### Source records
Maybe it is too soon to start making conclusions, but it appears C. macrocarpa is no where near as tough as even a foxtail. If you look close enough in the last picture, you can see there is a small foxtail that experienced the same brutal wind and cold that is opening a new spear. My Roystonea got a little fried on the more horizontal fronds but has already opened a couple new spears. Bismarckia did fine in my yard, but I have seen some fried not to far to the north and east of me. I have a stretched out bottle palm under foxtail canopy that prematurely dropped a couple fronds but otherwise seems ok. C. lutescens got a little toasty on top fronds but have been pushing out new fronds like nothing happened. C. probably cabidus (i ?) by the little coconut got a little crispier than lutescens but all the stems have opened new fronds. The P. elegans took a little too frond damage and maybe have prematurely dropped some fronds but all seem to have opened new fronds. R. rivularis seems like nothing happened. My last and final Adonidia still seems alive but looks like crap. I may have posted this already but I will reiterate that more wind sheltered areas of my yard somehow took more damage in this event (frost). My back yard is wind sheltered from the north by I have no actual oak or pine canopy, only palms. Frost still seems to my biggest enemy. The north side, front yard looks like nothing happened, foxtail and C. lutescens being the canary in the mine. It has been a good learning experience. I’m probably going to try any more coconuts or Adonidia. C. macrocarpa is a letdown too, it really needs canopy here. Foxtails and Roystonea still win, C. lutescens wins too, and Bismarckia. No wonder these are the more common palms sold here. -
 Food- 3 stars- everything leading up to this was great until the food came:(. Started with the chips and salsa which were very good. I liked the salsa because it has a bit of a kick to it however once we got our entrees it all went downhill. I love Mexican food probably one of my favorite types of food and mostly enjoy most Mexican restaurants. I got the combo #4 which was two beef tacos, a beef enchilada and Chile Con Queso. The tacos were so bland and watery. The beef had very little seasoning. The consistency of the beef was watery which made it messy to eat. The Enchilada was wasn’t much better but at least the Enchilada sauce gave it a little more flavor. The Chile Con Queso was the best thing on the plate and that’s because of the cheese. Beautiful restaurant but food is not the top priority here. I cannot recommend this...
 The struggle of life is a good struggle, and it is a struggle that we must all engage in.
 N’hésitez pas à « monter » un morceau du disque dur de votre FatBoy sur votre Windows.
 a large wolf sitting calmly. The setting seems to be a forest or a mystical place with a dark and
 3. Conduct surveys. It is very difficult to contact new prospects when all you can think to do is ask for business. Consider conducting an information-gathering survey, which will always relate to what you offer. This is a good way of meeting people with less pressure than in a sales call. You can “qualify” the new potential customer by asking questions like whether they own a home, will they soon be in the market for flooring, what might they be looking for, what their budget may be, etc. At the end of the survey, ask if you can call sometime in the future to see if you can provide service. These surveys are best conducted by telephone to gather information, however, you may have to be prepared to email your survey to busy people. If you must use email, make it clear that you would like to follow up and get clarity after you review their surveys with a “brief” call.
######
### Source records
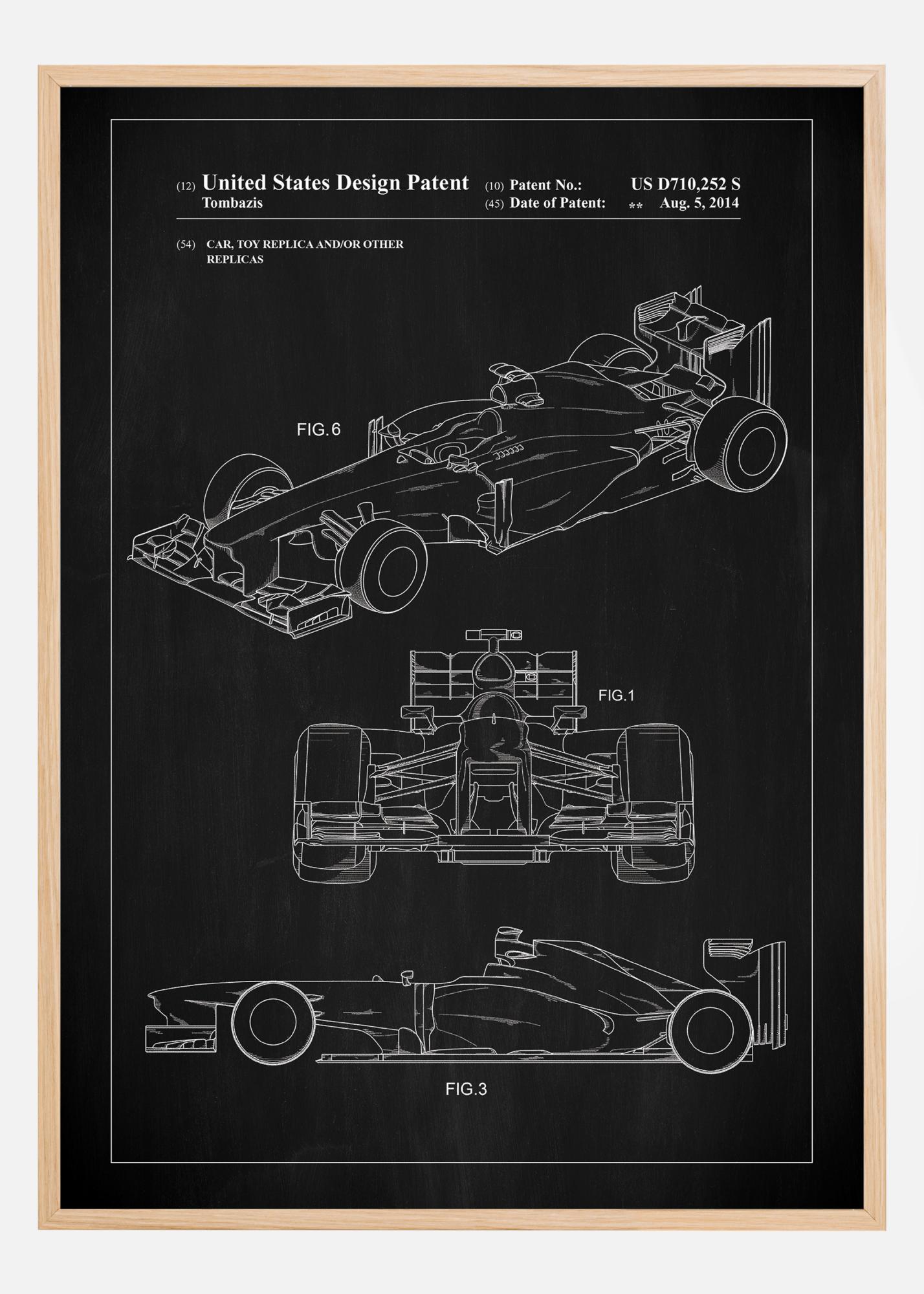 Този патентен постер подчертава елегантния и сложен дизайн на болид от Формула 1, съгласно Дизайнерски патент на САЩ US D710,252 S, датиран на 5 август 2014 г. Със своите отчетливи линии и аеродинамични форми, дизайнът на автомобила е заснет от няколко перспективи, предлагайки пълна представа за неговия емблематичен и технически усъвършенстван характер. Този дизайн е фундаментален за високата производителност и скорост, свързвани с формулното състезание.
######
What is needed:
Within the material above, extract exactly the lines that start at the line containing "The struggle of" and stop after the line containing "3. Conduct surveys.", and only those.

Answer below:
 The struggle of life is a good struggle, and it is a struggle that we must all engage in.
 N’hésitez pas à « monter » un morceau du disque dur de votre FatBoy sur votre Windows.
 a large wolf sitting calmly. The setting seems to be a forest or a mystical place with a dark and
 3. Conduct surveys. It is very difficult to contact new prospects when all you can think to do is ask for business. Consider conducting an information-gathering survey, which will always relate to what you offer. This is a good way of meeting people with less pressure than in a sales call. You can “qualify” the new potential customer by asking questions like whether they own a home, will they soon be in the market for flooring, what might they be looking for, what their budget may be, etc. At the end of the survey, ask if you can call sometime in the future to see if you can provide service. These surveys are best conducted by telephone to gather information, however, you may have to be prepared to email your survey to busy people. If you must use email, make it clear that you would like to follow up and get clarity after you review their surveys with a “brief” call.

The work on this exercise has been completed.